United States protected area designation

The National Wildlife Refuge System is a system of protected areas of the United States managed by the United States Fish and Wildlife Service, an agency within the Department of the Interior. The National Wildlife Refuge System is the system of public lands and waters set aside to conserve America's fish, wildlife, and plants.

== Background ==
The mission of the refuge system is: "To administer a national network of lands and waters for the conservation, management, and where appropriate, restoration of fish, wildlife, and plant resources and their habitats within the United States for the benefit of the present and future generations of Americans". The system maintains the biological integrity, diversity, and environmental health of these natural resources and enables for associated public enjoyment of these areas where compatible with conservation efforts.

National Wildlife Refuges manage a range of habitat types, including wetlands, prairies, coastal and marine areas, and temperate, tundra, and boreal forests. The management of each habitat is a complex process of controlling or eradicating invasive species, using fire in a prescribed manner, assuring adequate water resources, and assessing external threats such as development or contamination.

Hundreds of national refuges are home to some 700 species of birds, 220 species of mammals, 250 reptile and amphibian species, and more than 1000 species of fish. Endangered species are a priority of National Wildlife Refuges, with nearly 60 refuges having the primary purpose of conserving in aggregate 280 threatened or endangered species.

The National Wildlife Refuge System welcomes about 65 million visitors each year to participate in outdoor recreational activities. The system manages six wildlife-dependent recreational uses, including hunting, fishing, birding, photography, environmental education, and environmental interpretation. Hunters visit more than 350 hunting programs on refuges and on about 36,000 waterfowl production areas. Opportunities for fresh or saltwater fishing are available at more than 340 refuges. Each state contains at least one refuge.

National Wildlife Refuge System employees are responsible for planning, biological monitoring and habitat conservation, contaminants management, visitor services, outreach and environmental education, heavy equipment operation, law enforcement, and fire management.

The National Wildlife Refuge System deals with urban intrusion/development, habitat fragmentation, degradation of water quantity and quality, climate change, invasive species, increasing demands for recreation, and increasing demands for energy development. The system has provided a habitat for endangered species, migratory birds, plants, and numerous other valuable animals, implemented the NWRS Improvement Act, acquired and protected key critical inholdings, and established leadership in habitat restoration and management.

Under the act, the NWRS has created Comprehensive Conservation Plans (CCPs) for each refuge, developed through consultation with private and public stakeholders. These began a review process by stakeholders beginning in 2013. The CCPs must be consistent with the FWS goals for conservation and wildlife management.

The CCPs outline conservation goals for each refuge for 15 years into the future, with the intent that they will be revised every 15 years thereafter. The comprehensive conservation planning process requires a scoping phase, in which each refuge holds public meetings to identify the public's main concerns; plan formulation, when refuge staff and FWS planners identify the key issues and refuge goals; writing the draft plan, in which wildlife and habitat alternatives are developed, and the plan is submitted for public review; revision of the draft plan, which takes into consideration the public's input; and plan implementation.

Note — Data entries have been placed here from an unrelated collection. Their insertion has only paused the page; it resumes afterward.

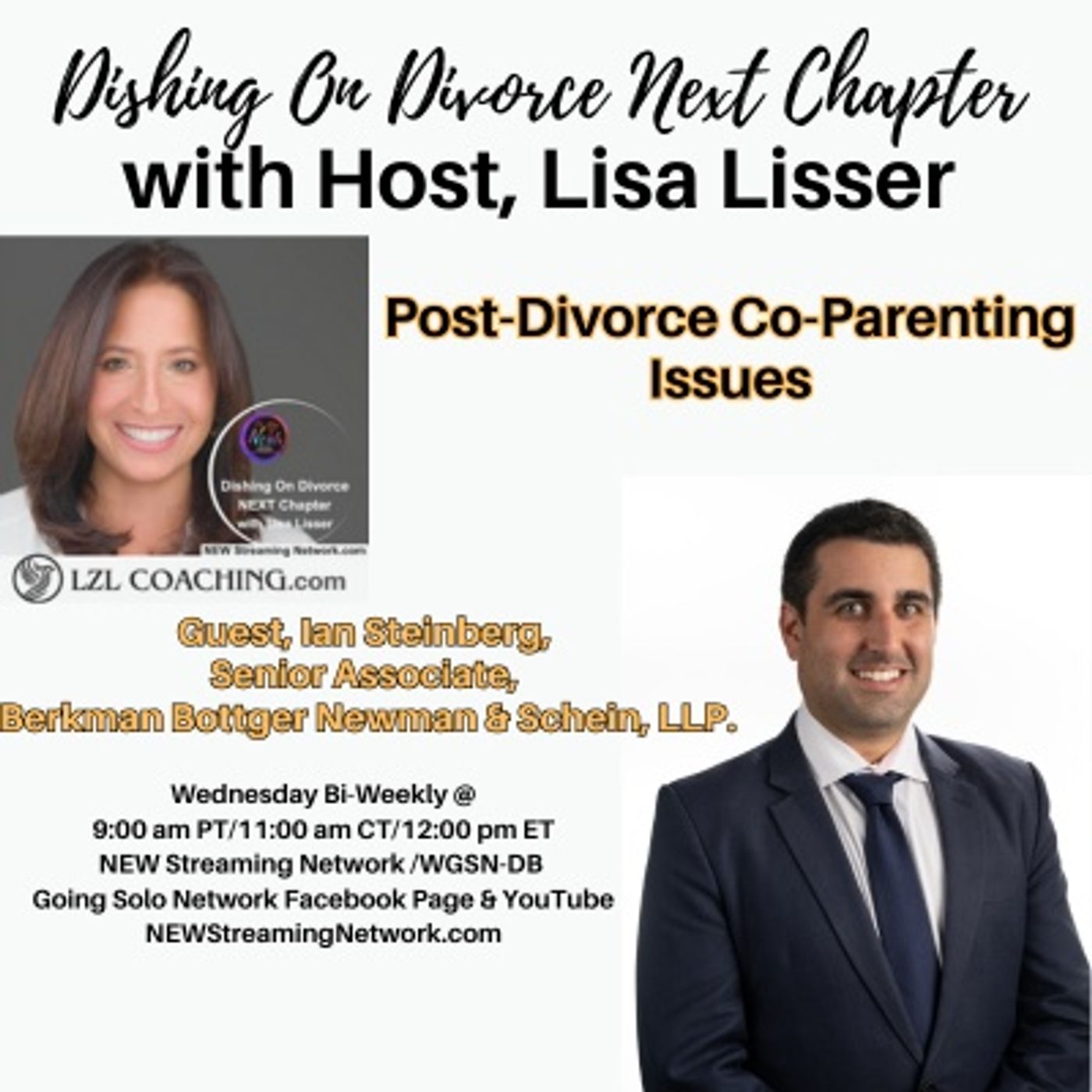 Welcome to Dishing on Divorce Next Chapter on NEWStreamingNetwork.com! In this episode, host Lisa Lisser sits down with Ian Steinberg, Senior Associate at Berkman Bottger Newman & Schein, LLP, to discuss the complex challenges of post-divorce co-parenting. Together, they explore key strategies for navigating these issues and maintaining healthy communication between co-parents. Don't miss this insightful conversation aimed at helping you move forward after divorce.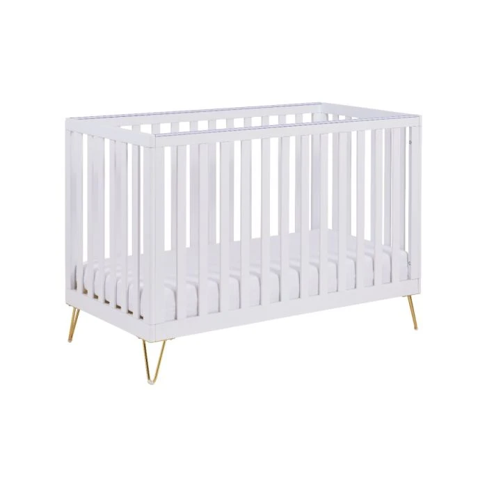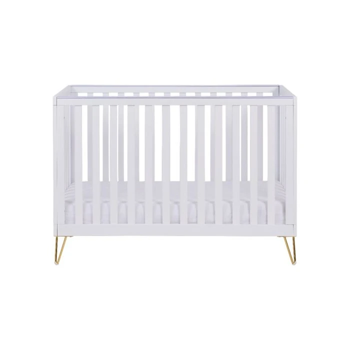 The stunning Babymore Kimi convertible cot bed will be the standout piece of furniture in your nursery. An exquisite combination of contemporary wooden style and retro hairpin legs blend seamlessly to provide a striking fashion statement. The all around slats design provides an airy, open feel that allows full visibility of your little one from any angles. The Scandi-inspired cot bed has been stylishly designed with retro hairpin legs. It offers 3 adjustable mattress heights, teething rails, and can be transformed into a toddler bed, suitable from birth to 4 years old. The hairpin legs are made of high quality steel wire, stable, sturdy and durable, and come with floor protectors included.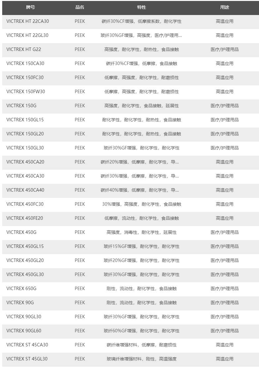 英國(guó)-威格斯 VICTREX PEEK牌號(hào)及物性應(yīng)用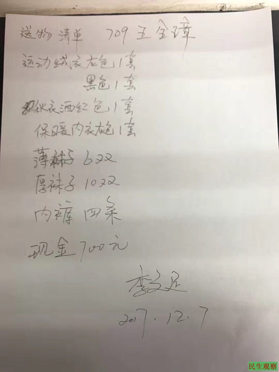 【民生观察2017年12月8日消息】本网获悉,昨天上午,“709案”王全璋律师的妻子李文足去到天津第一看守所,首次成功为被羁押两年多的王全璋律师存钱存衣物。事后李文足表示,她不知道王全璋能否收到。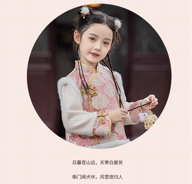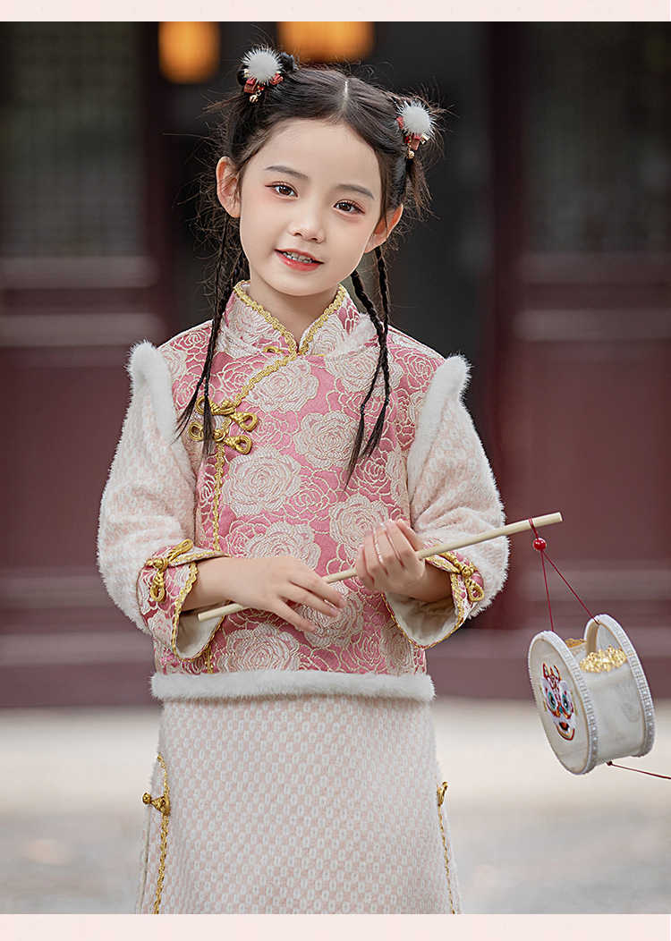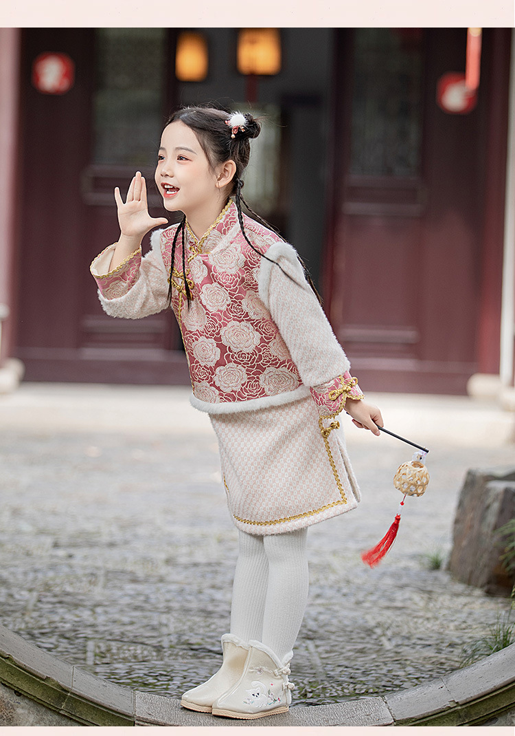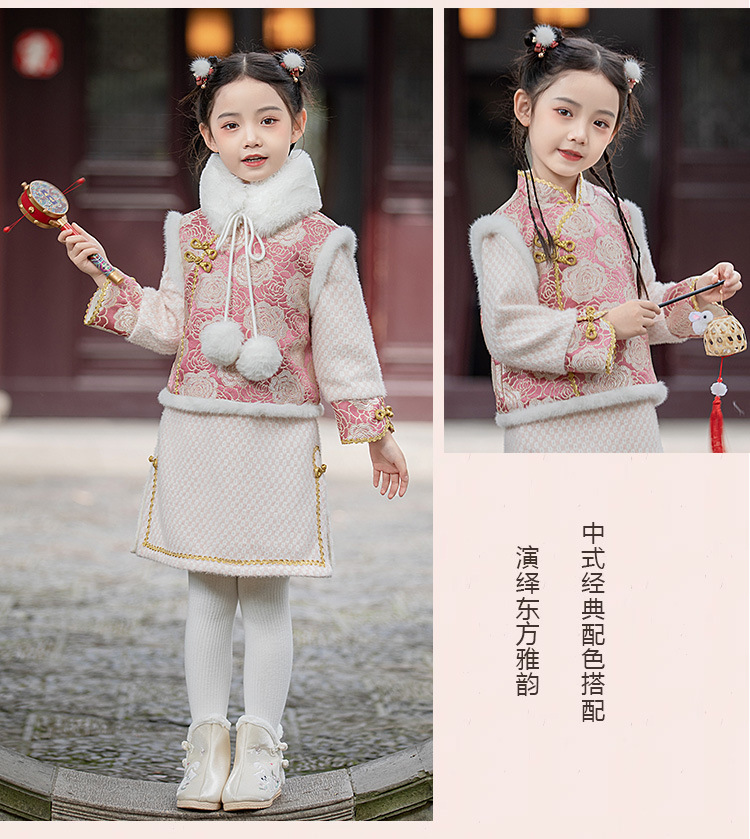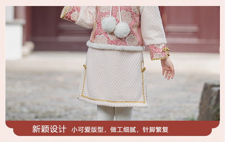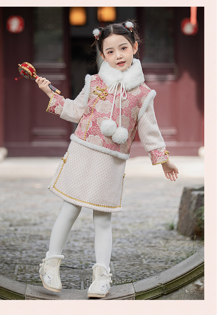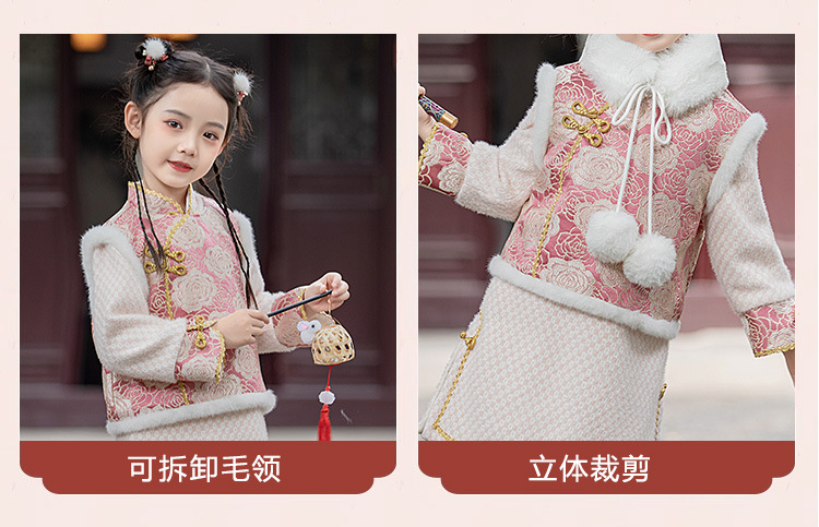 女童旗袍裙加厚汉服中国风,儿童过年唐装女孩拜年服宝宝新年装古风ZZ-DK002

Each CCP is required to comply with the National Environmental Policy Act (NEPA) and must consider potential alternatives for habitat and wildlife management on the refuge, and identify their possible effects on the refuge. The NEPA requires FWS planners and refuge staff to engage the public in this planning process to assist them with identifying the most appropriate alternative.

Completed CCPs are available to the public and can be found on the FWS website.

==History==

Since President Theodore Roosevelt designated Florida's Pelican Island National Wildlife Refuge as the first wildlife refuge in 1903, the system has grown to over 568 national wildlife refuges and 38 wetland management districts encompassing about 859,000,000 acres. For more information see the History and Future of our National Wildlife Refuge System compiled by the National Wildlife Refuge Association.

==Management activities==

Comprehensive wildlife and habitat management demands the integration of scientific information from several disciplines, including understanding ecological processes and monitoring status of fish, wildlife and plants. Equally important is an intimate understanding of the social and economic drivers that impact and are affected by management decisions and can facilitate or impede implementation success. Service strategic habitat conservation planning, design, and delivery efforts are affected by the demographic, societal, and cultural changes of population growth and urbanization, as well as people's attitudes and values toward wildlife. Consideration of these factors contributes to the success of the service's mission to protect wildlife and their habitats.

The refuge system works collaboratively internally and externally to leverage resources and achieve effective conservation. It works with other federal agencies, state fish and wildlife agencies, tribes, nongovernmental organizations, local landowners, community volunteers, and other partners. Meaningful engagement with stakeholders at a regional, integrated level adds to the effective conservation achievements of the FWS and allows individual refuges to respond more effectively to challenges.

Wildlife and habitat management activities include:

1. Monitoring plant and animal populations
2. Restoring wetland, forest, grassland, and marine habitats
3. Controlling the spread of invasive species
4. Reintroducing rare fish, wildlife and plants to formerly occupied habitats
5. Monitoring air quality
6. Investigating and cleaning contaminants
7. Preventing and controlling wildlife disease outbreaks
8. Assessing water quality and quantity
9. Understanding the complex relationship between people and wildlife through the integration of social science
10. Managing habitats through manipulation of water levels, prescribed burning, haying, grazing,timber harvest, and planting vegetation

During fiscal year 2015, the refuge system manipulated 3.1 million acres of habitat (technique #10 from the preceding list) and managed 147 million acres of the system without habitat manipulation (using techniques #1 through 9 from the preceding list).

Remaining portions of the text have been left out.